ＣＤ１ｄタンパク質を発現する細胞の存在下で、ＮＫＴ細胞を活性する化合物の能力についてその化合物を評価する方法であって、（ｉ）ＣＤ１ｄタンパク質を発現する１より多くの細胞型の存在下で前記化合物とＮＫＴ細胞とを一緒にし、そして、（ｉｉ）ＮＫＴ細胞が活性化するかどうかを評価することを含む、前記方法。
ＣＤ１ｄタンパク質を発現する細胞型が、リンパ球様細胞、樹状細胞及び上皮細胞から成る群から選択される、請求項４７に記載の方法。
化合物が、α−ガラクトシルセラミド又はグルコシルセラミドである、請求項４７に記載の方法。

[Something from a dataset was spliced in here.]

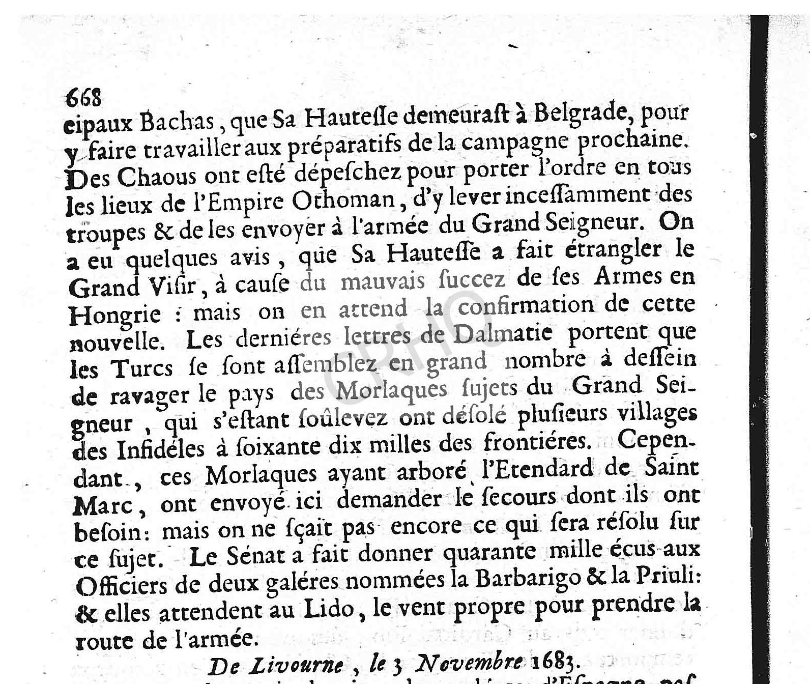 , à cause du mauvais succez de ses Armes en Hongrie : mais on en attend la confirmation de cette nouvelle. Les derniéres lettres de Dalmatie portent que les Turcs se sont assemblez en grand nombre à dessein de ravager le pays des Morlaques sujets du

α−ガラクトシルセラミド又はグルコシルセラミドが、請求項１〜２８のいずれか１項に記載のα−ガラクトシルセラミド又はグルコシルセラミドである、請求項４９に記載の方法。
哺乳動物に請求項３１に記載の医薬組成物を投与することを含む、哺乳動物における自己免疫疾患、癌又は感染症を治療又は予防する方法。
自己免疫疾患が、Ｉ型糖尿病、重症筋無力症、尋常性天疱瘡、全身性紅班性狼瘡、ギラン・バレー症候群、抗リン脂質症候群、グッドパスチャー症候群、移植片対宿主疾患、多発性硬化症、原発性胆汁性肝硬変、強皮症、脈管炎、白斑、ヴェグナー肉芽腫症、関節リウマチ、糸球体腎炎、特発性血小板減少性紫班病、乾癬、及びシェーグレン病から成る群から選択される、請求項５１に記載の方法。
自己免疫疾患が、Ｉ型糖尿病である、請求項５２に記載の方法。
医薬組成物が、α−ガラクトシルセラミドと接触させた樹状細胞を含む、請求項５１に記載の方法。